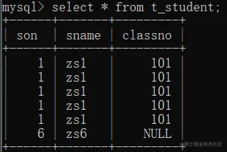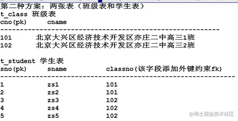 注意 : t_student中的classno字段引用t_class表中的cno字段,此时t_student表叫做子表。t_class表叫做父表。
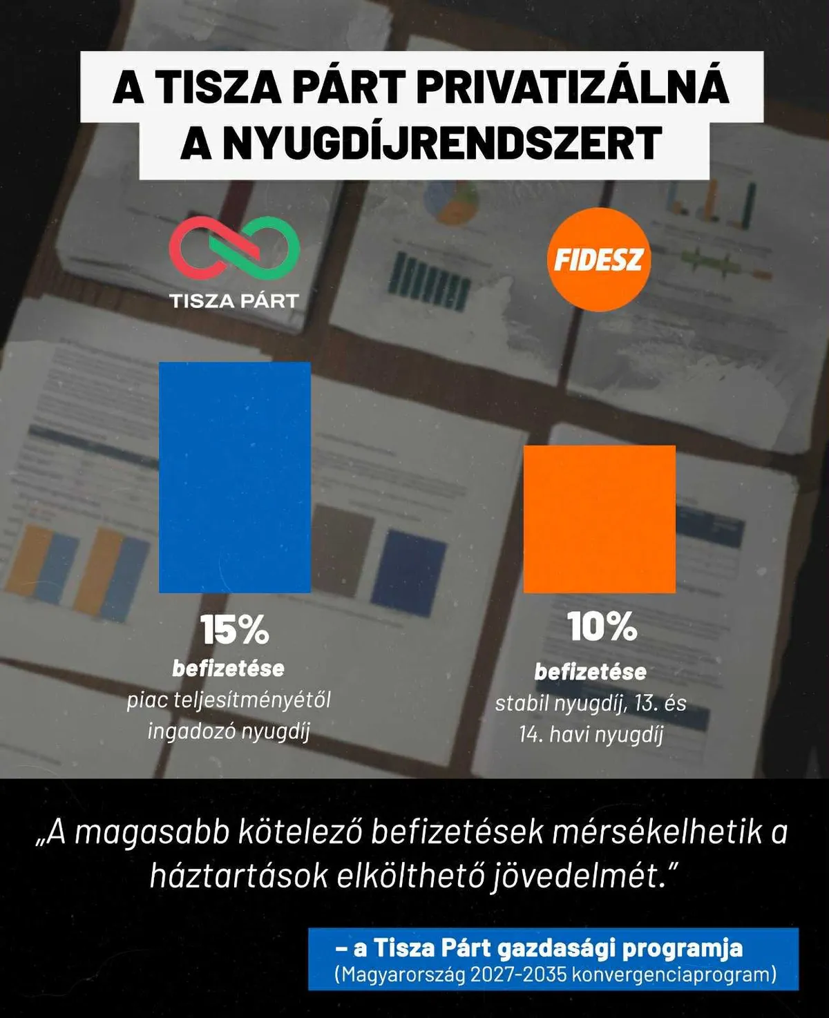 A Tisza Párt azt akarja, hogy az állam vonuljon ki a nyugdíjak mögül, és a dolgozók kötelezően külföldi magánpénztárakba fizessenek. Vagyis a nyugdíjvagyon átkerülne magánbiztosítókhoz, pénzügyi csoportokhoz. Egy ilyen rendszerben csak ők járnának jól, nem az emberek.
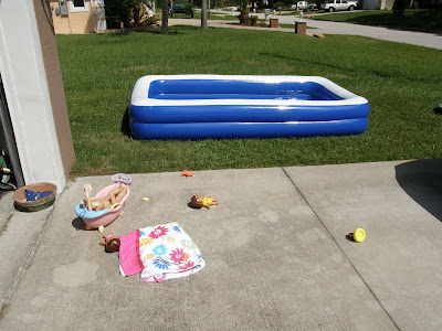 Today Derek and I both had projects to do outside, so we set up the pool and her baby bathtub for Aubrey to entertain herself.
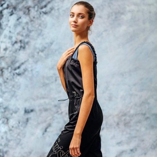 ロング丈なので楽屋でタイツの汚れを心配することがない。胸元、ウエスト、裾にコードストッパー付きのゴムで調節可
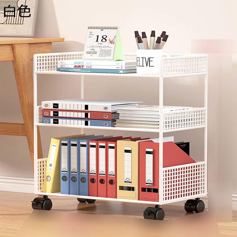 折り畳み式ブックワゴン ファイルラック 2段 3段 大容量 本ラック 回転キャスター付き スリム 制動可能 スチール製 通気性 頑丈 天板 書類整理 教科書 漫画 雑誌 収納棚 オフィス 組み立てが簡単
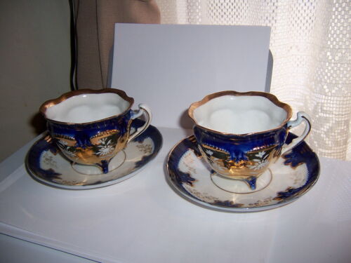 ANTIQUE Victorian Blue White and gold THREE FOOTED TEA CUP AND SAUCER pretty 2
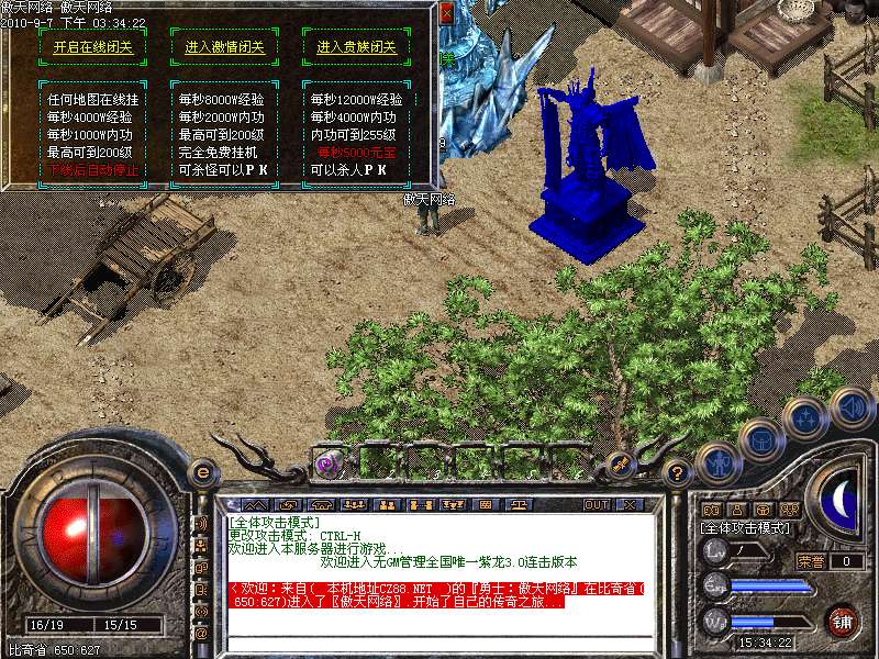 全球首创动态更新服:拿沙之后就退服?顶级之后就无聊?除了打架没事干?本服首创的动态更新技术彻底解决以上问题,攻沙后自动开启近54张新地图,独创的副本地图(每天进去都不一样),近12套最新最炫装备免费换,你还需要什么?
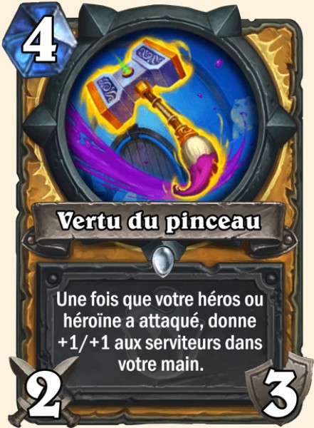 Paladin : Vertu du pinceau est clairement l'une des armes la plus forte de la méta actuelle. Combiné avec Amitus la Garde-paix et la Tigresse en peluche, Paladin nous offre des compositions TRES solides pour cette saison. Autant dire que notre deck Attrition ne performe vraimetn pas beaucoup. Match-up TRES défavorable.
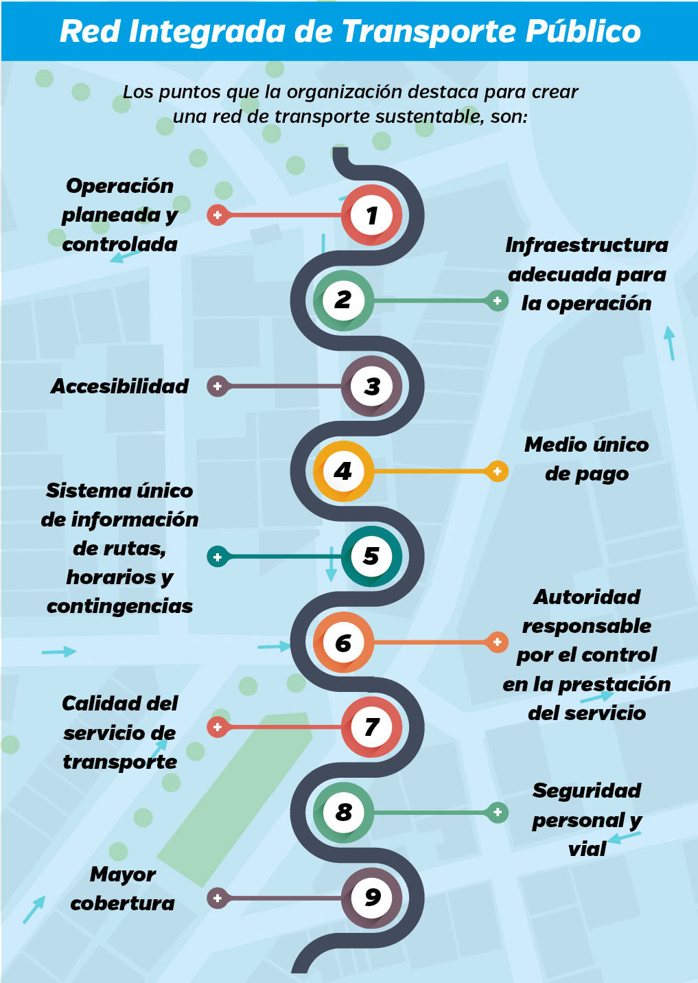 Una de las propuestas que el WRI México plantea para mejorar la calidad del transporte público, es crear una red integrada de transporte público, que garantice calidad y cobertura, a través de la integración de los diferentes modos de transporte con infraestructura adecuada, servicios planeados, tarifa integrada y tecnología de punta para los vehículos, el recaudo, el control, la información y servicio al usuario.
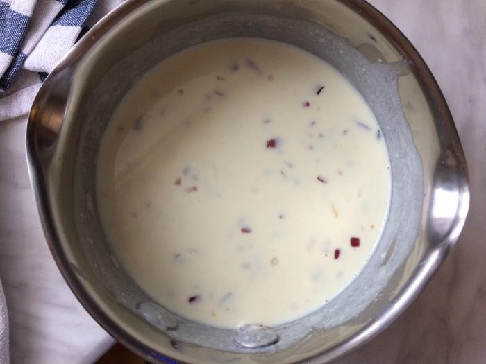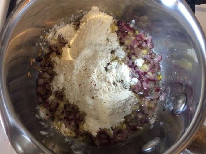 Начните готовить соус. Мелко порубите лук, растопите масло в сотейнике на небольшом огне и жарьте лук 15 минут, регулярно помешивая, до мягкости. Насыпьте в лук муку, перемешайте, а затем постепенно влейте молоко, тщательно перемешивая.
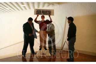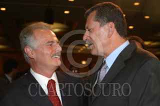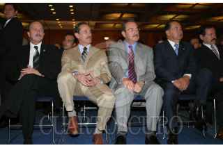 MEXICO, D.F. 13JULIO2005.- Simpatizantes de Arturo Montiel, Gobernador del Estado de México, colocan publicidad en el hotel donde serealizó el foro Derechos y Seguridad Pública. FOTO:Sandra Perdomo /CUARTOSCURO.COM
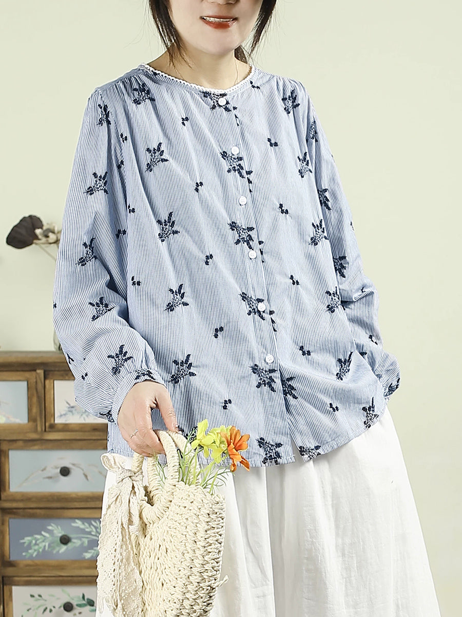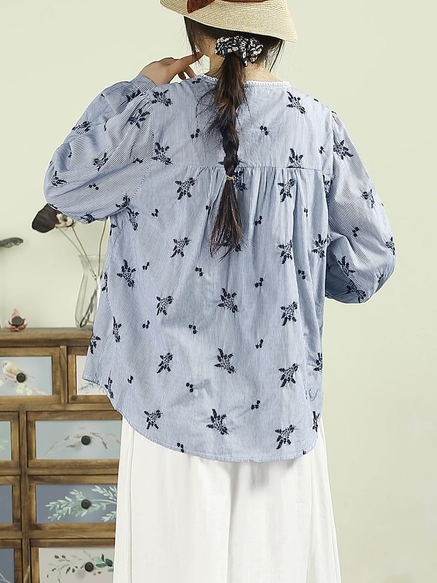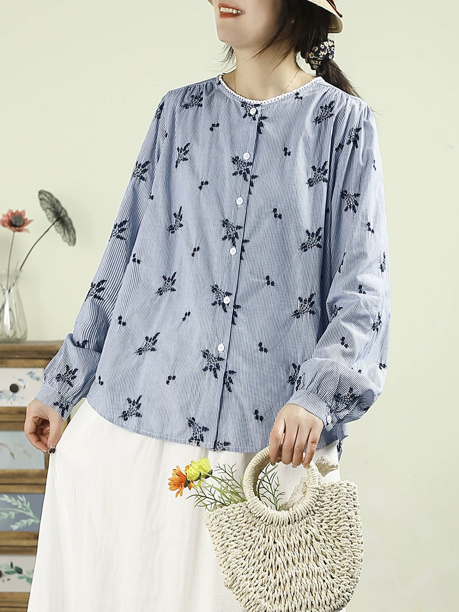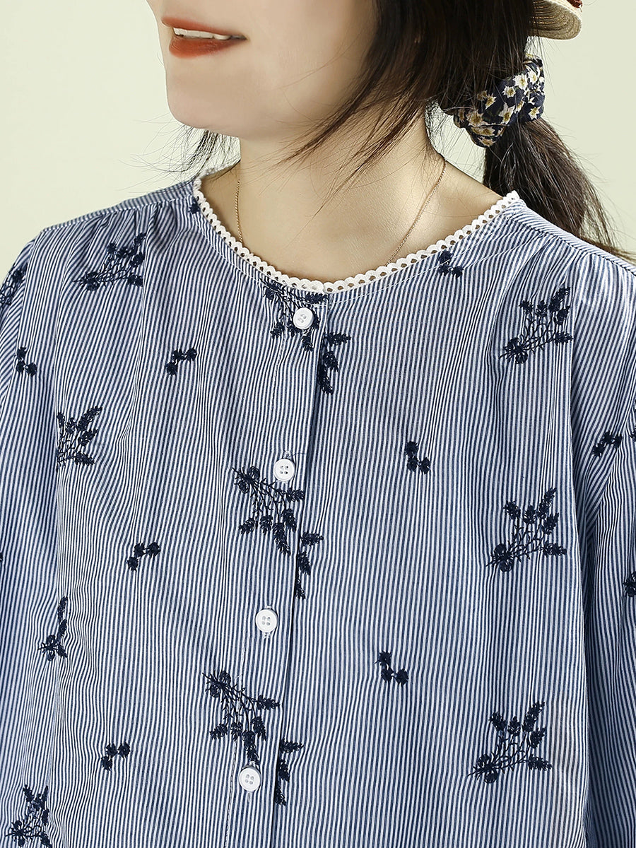 レディース アーティスティック スプリング 刺繍 Oネック 100%コットンシャツ
# # # # # # #
● WHAT THIS TASK INVOLVES: If a record holds a picture, leave the picture out and print everything else exactly.

● THE COMPLETED TASK:
 注意 : t_student中的classno字段引用t_class表中的cno字段,此时t_student表叫做子表。t_class表叫做父表。
 A Tisza Párt azt akarja, hogy az állam vonuljon ki a nyugdíjak mögül, és a dolgozók kötelezően külföldi magánpénztárakba fizessenek. Vagyis a nyugdíjvagyon átkerülne magánbiztosítókhoz, pénzügyi csoportokhoz. Egy ilyen rendszerben csak ők járnának jól, nem az emberek.
 Today Derek and I both had projects to do outside, so we set up the pool and her baby bathtub for Aubrey to entertain herself.
 ロング丈なので楽屋でタイツの汚れを心配することがない。胸元、ウエスト、裾にコードストッパー付きのゴムで調節可
 折り畳み式ブックワゴン ファイルラック 2段 3段 大容量 本ラック 回転キャスター付き スリム 制動可能 スチール製 通気性 頑丈 天板 書類整理 教科書 漫画 雑誌 収納棚 オフィス 組み立てが簡単
 ANTIQUE Victorian Blue White and gold THREE FOOTED TEA CUP AND SAUCER pretty 2
 全球首创动态更新服:拿沙之后就退服?顶级之后就无聊?除了打架没事干?本服首创的动态更新技术彻底解决以上问题,攻沙后自动开启近54张新地图,独创的副本地图(每天进去都不一样),近12套最新最炫装备免费换,你还需要什么?
 Paladin : Vertu du pinceau est clairement l'une des armes la plus forte de la méta actuelle. Combiné avec Amitus la Garde-paix et la Tigresse en peluche, Paladin nous offre des compositions TRES solides pour cette saison. Autant dire que notre deck Attrition ne performe vraimetn pas beaucoup. Match-up TRES défavorable.
 Una de las propuestas que el WRI México plantea para mejorar la calidad del transporte público, es crear una red integrada de transporte público, que garantice calidad y cobertura, a través de la integración de los diferentes modos de transporte con infraestructura adecuada, servicios planeados, tarifa integrada y tecnología de punta para los vehículos, el recaudo, el control, la información y servicio al usuario.
 Начните готовить соус. Мелко порубите лук, растопите масло в сотейнике на небольшом огне и жарьте лук 15 минут, регулярно помешивая, до мягкости. Насыпьте в лук муку, перемешайте, а затем постепенно влейте молоко, тщательно перемешивая.
 MEXICO, D.F. 13JULIO2005.- Simpatizantes de Arturo Montiel, Gobernador del Estado de México, colocan publicidad en el hotel donde serealizó el foro Derechos y Seguridad Pública. FOTO:Sandra Perdomo /CUARTOSCURO.COM
 レディース アーティスティック スプリング 刺繍 Oネック 100%コットンシャツ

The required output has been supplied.